Those who were at the Web Archives 2015 conference and stuck around for my closing keynote saw some glimpses of one project that I’m part of: making warcbase, a powerful platform for hosting and providing analytics on web archives that’s developed by Jimmy Lin of the University of Waterloo, accessible to humanities researchers.
Long-time readers know that I’ve been a Mathematica programmer for the last five or six years. I’ve loved the notebook metaphor: a way to mix rich text, code, outputs, and visualizations together into a document. You can explain what you’re doing in rich marked-up text, run code, manipulate outputs, and basically have a data-rich document that helps inform what’s going on.
Those using the Jupyter platform (which grew out of the iPython project, which itself continues), have been able to experience this metaphor yourself.

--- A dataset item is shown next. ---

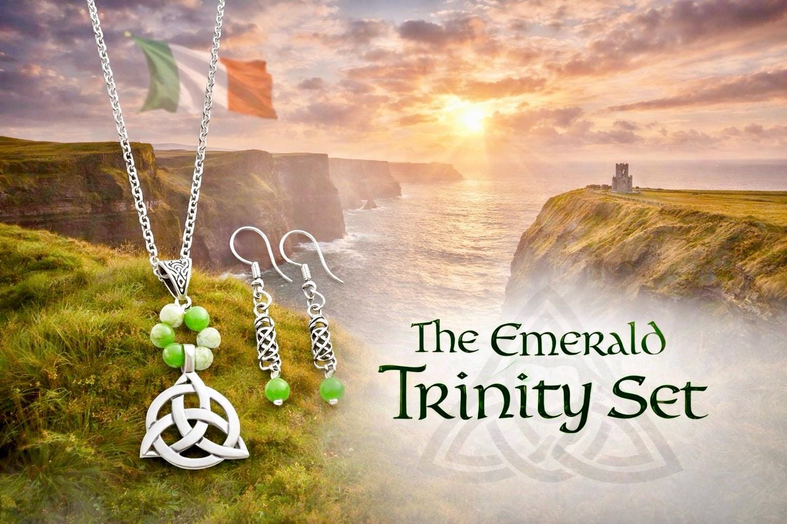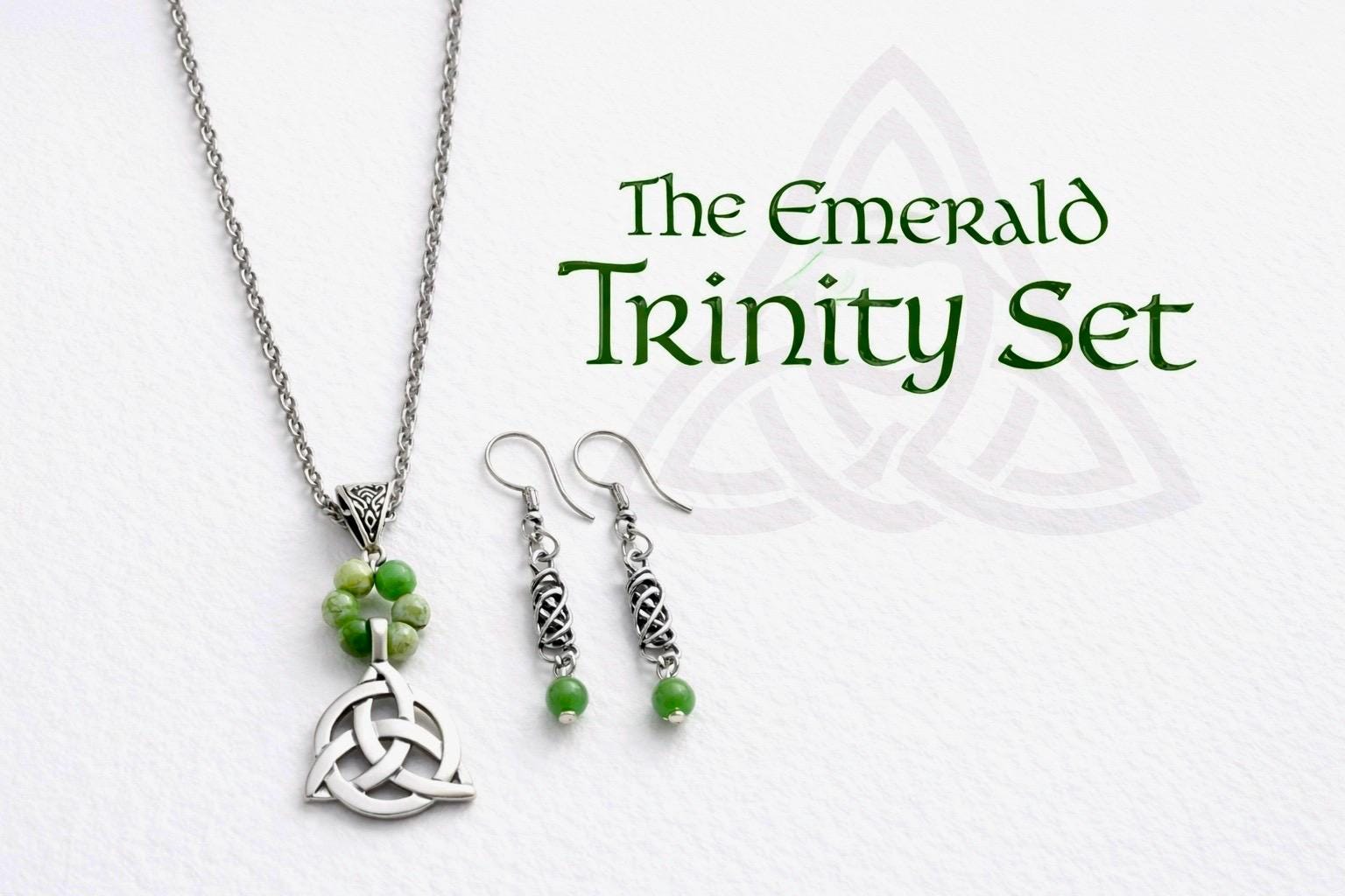 Inspired by Ireland’s ancient symbols and the deep green tones of the land itself, The Emerald Trinity Set brings together tradition, meaning, and natural beauty in one striking design.

The idea was to take this richness and let you use Warcbase with it: once you have it up and running, you can use a GUI to run our scripts, rapidly prototype your own scripts (using a smaller subset of data to see if things work), and get a sense of your overall collection contours.
Want to see it for yourself?
- This walkthrough, “Installing and Running Spark on OS X,” written by undergraduate research assistant extraordinaire Alice Zhou, shows you how to get everything set up.
- This walkthrough, “Spark on EC2 or Compute Canada,” written by me (and thus far less extraordinary), shows you how to set up warcbase on a vanilla Ubuntu machine you could spin up in Amazon or another service provider (such as Compute Canada here in Canada).
Have fun warcbasing!